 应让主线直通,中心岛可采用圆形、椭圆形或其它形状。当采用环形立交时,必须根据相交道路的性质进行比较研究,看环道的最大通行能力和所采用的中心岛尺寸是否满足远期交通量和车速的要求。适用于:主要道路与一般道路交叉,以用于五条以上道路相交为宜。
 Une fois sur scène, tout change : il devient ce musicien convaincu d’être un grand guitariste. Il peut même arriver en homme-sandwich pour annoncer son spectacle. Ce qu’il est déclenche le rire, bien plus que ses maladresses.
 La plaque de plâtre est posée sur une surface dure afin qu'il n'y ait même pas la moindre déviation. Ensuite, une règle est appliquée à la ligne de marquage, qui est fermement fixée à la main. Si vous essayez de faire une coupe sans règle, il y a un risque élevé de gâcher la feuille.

...

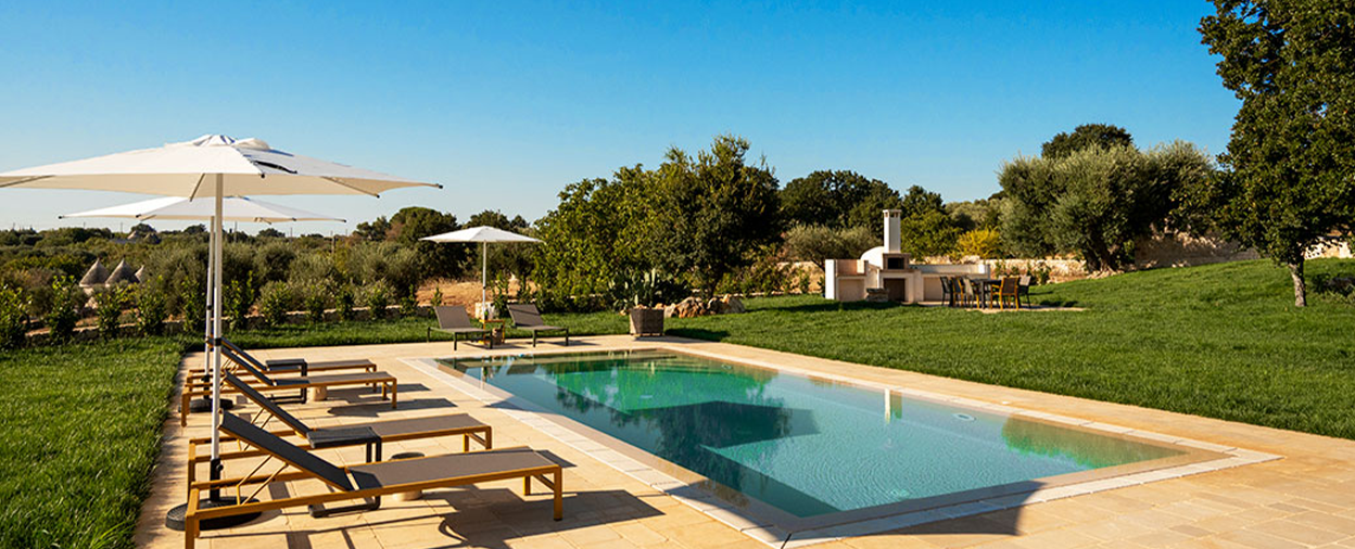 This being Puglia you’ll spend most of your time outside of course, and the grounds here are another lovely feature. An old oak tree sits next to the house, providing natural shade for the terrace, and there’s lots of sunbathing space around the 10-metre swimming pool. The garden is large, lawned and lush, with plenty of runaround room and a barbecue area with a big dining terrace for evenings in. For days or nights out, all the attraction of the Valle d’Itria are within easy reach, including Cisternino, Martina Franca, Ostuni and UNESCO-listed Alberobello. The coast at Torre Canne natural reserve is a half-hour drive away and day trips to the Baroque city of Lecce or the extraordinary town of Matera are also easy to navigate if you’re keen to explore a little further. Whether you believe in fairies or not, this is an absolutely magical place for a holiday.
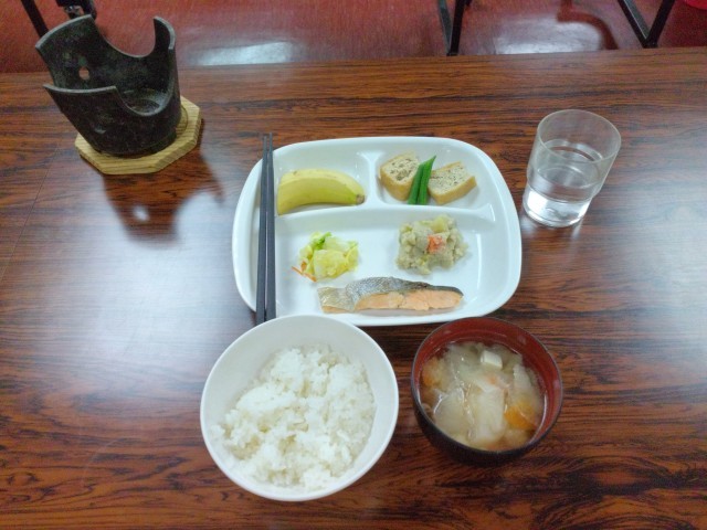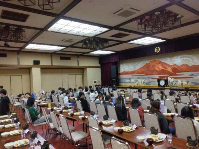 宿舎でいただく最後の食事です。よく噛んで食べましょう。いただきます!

* * *

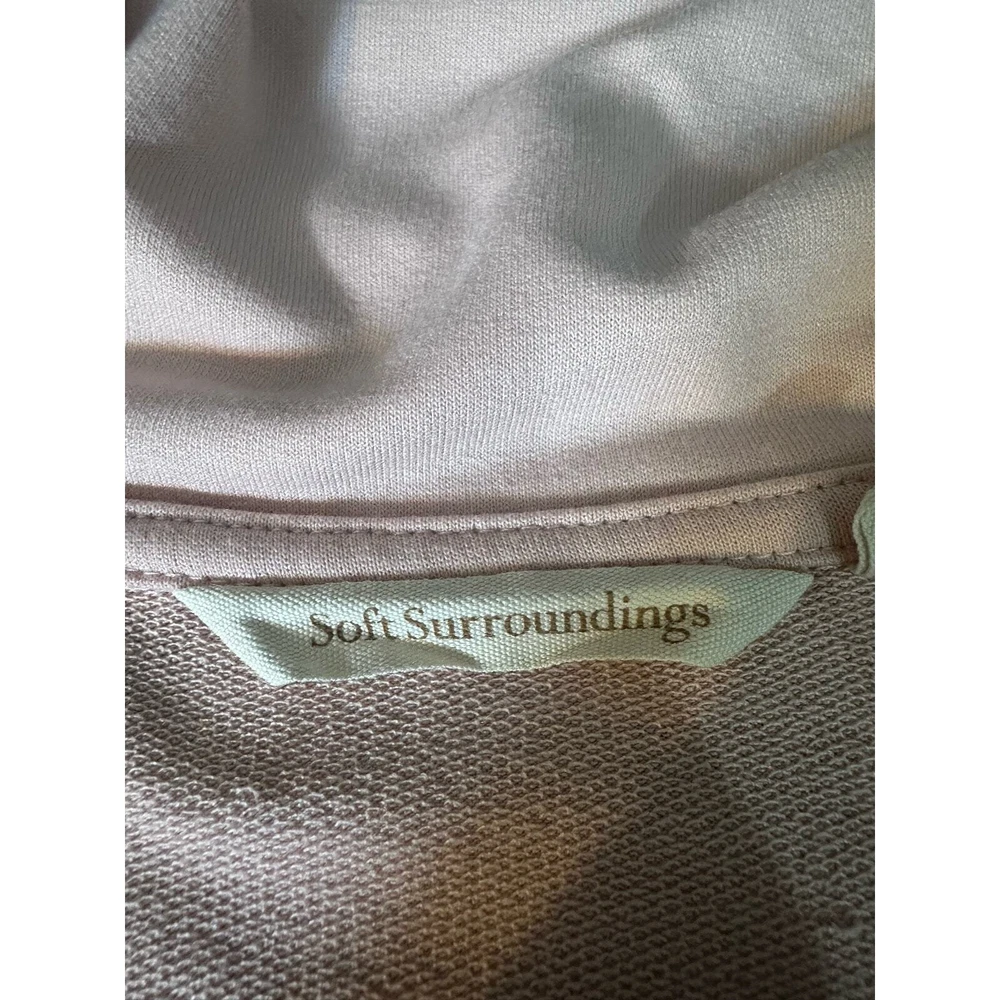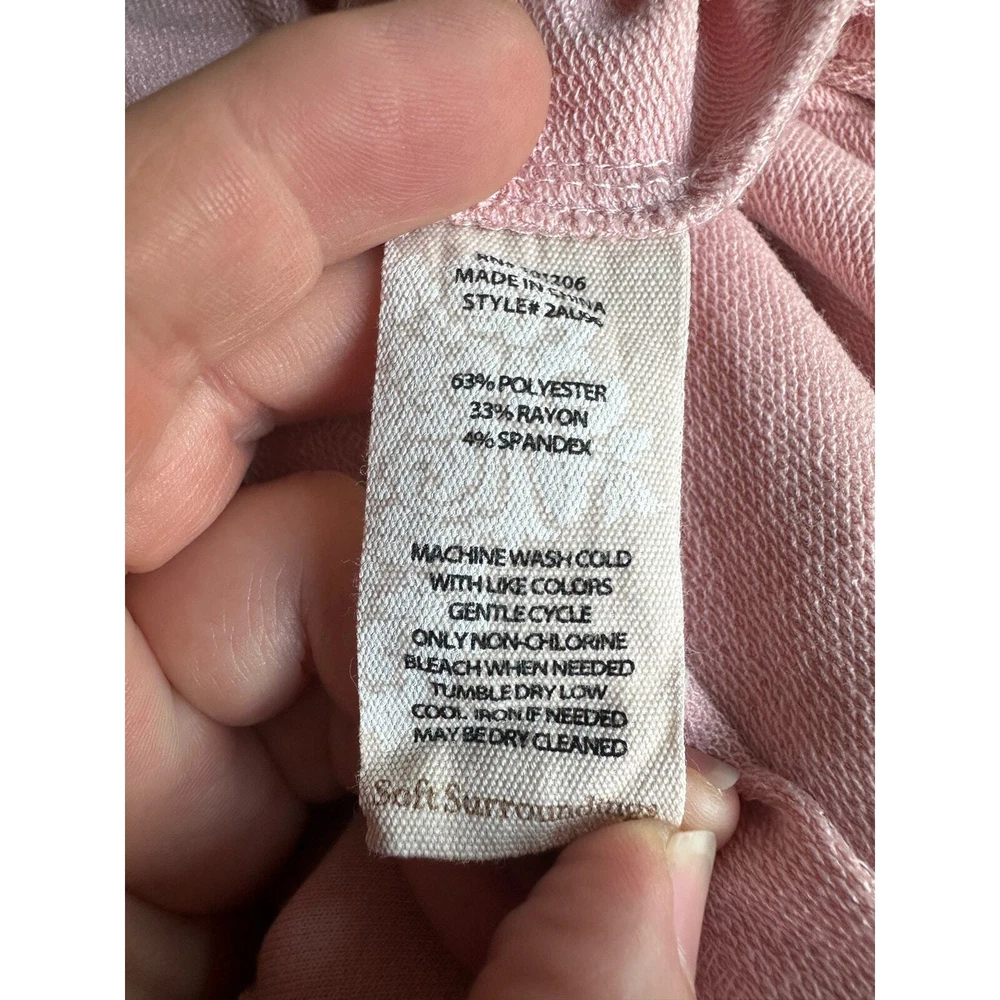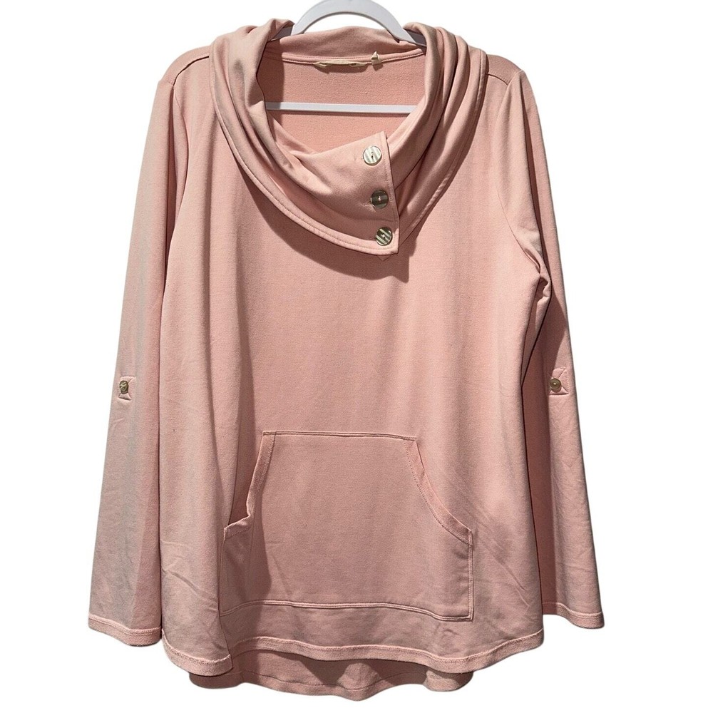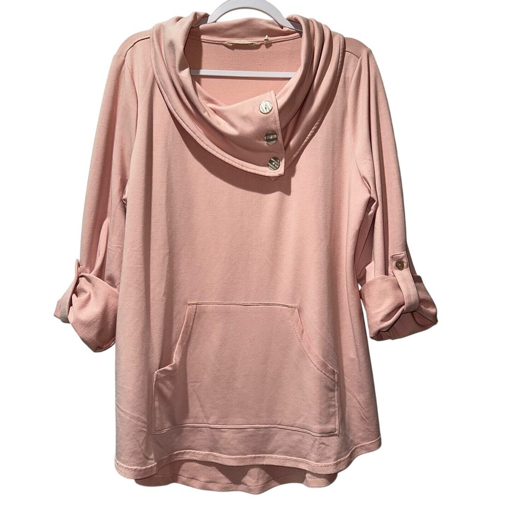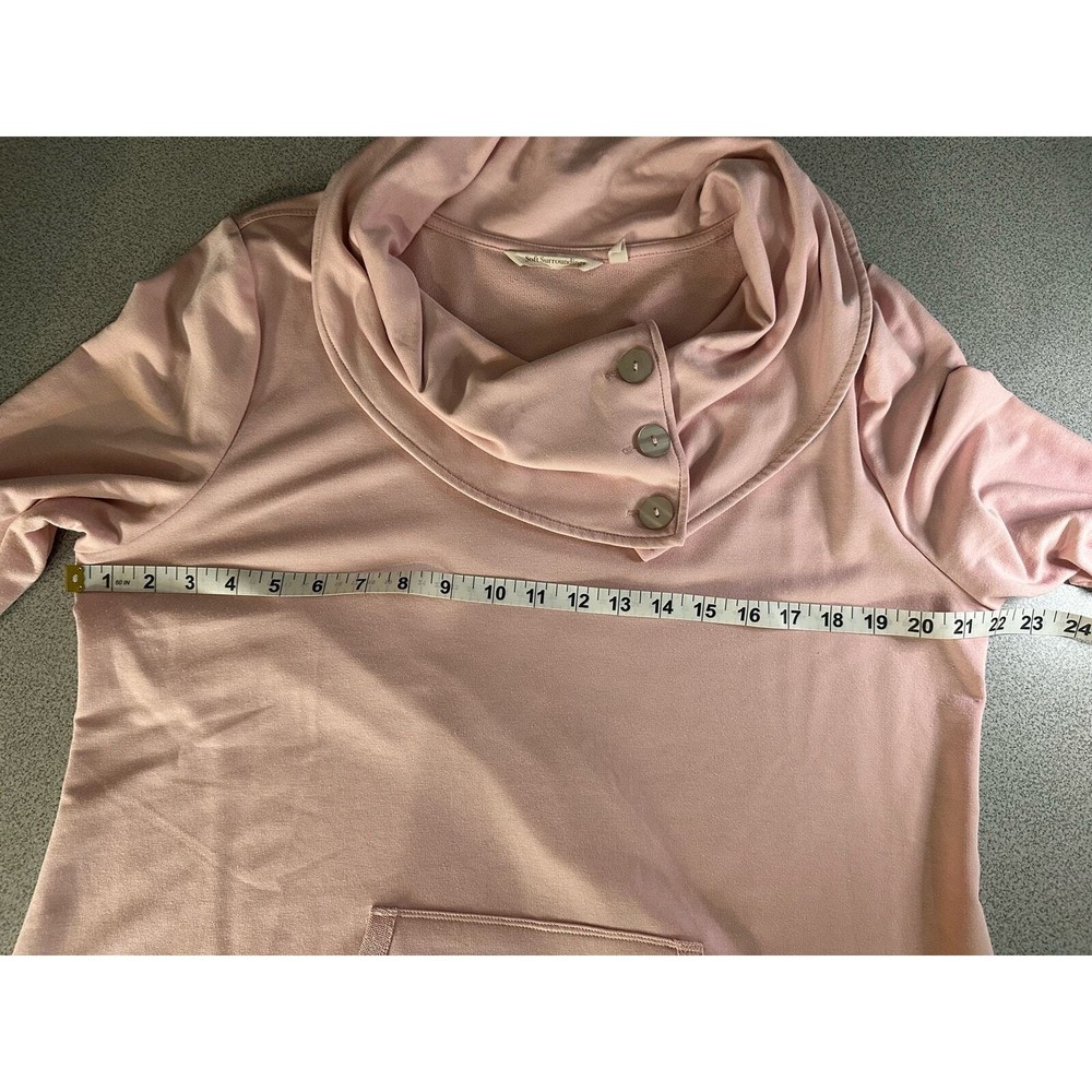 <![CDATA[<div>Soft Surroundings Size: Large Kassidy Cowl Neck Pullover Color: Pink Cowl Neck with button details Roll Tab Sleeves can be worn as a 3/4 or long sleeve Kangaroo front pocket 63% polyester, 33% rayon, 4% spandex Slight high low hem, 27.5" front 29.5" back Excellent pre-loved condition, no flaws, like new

PROBLEM TO WORK ON — Retype only this portion of the data above: the line containing "应让主线直通,中心岛可采用圆", the line containing "La plaque de", and all lines between them, exactly.

TASK SOLUTION —
 应让主线直通,中心岛可采用圆形、椭圆形或其它形状。当采用环形立交时,必须根据相交道路的性质进行比较研究,看环道的最大通行能力和所采用的中心岛尺寸是否满足远期交通量和车速的要求。适用于:主要道路与一般道路交叉,以用于五条以上道路相交为宜。
 Une fois sur scène, tout change : il devient ce musicien convaincu d’être un grand guitariste. Il peut même arriver en homme-sandwich pour annoncer son spectacle. Ce qu’il est déclenche le rire, bien plus que ses maladresses.
 La plaque de plâtre est posée sur une surface dure afin qu'il n'y ait même pas la moindre déviation. Ensuite, une règle est appliquée à la ligne de marquage, qui est fermement fixée à la main. Si vous essayez de faire une coupe sans règle, il y a un risque élevé de gâcher la feuille.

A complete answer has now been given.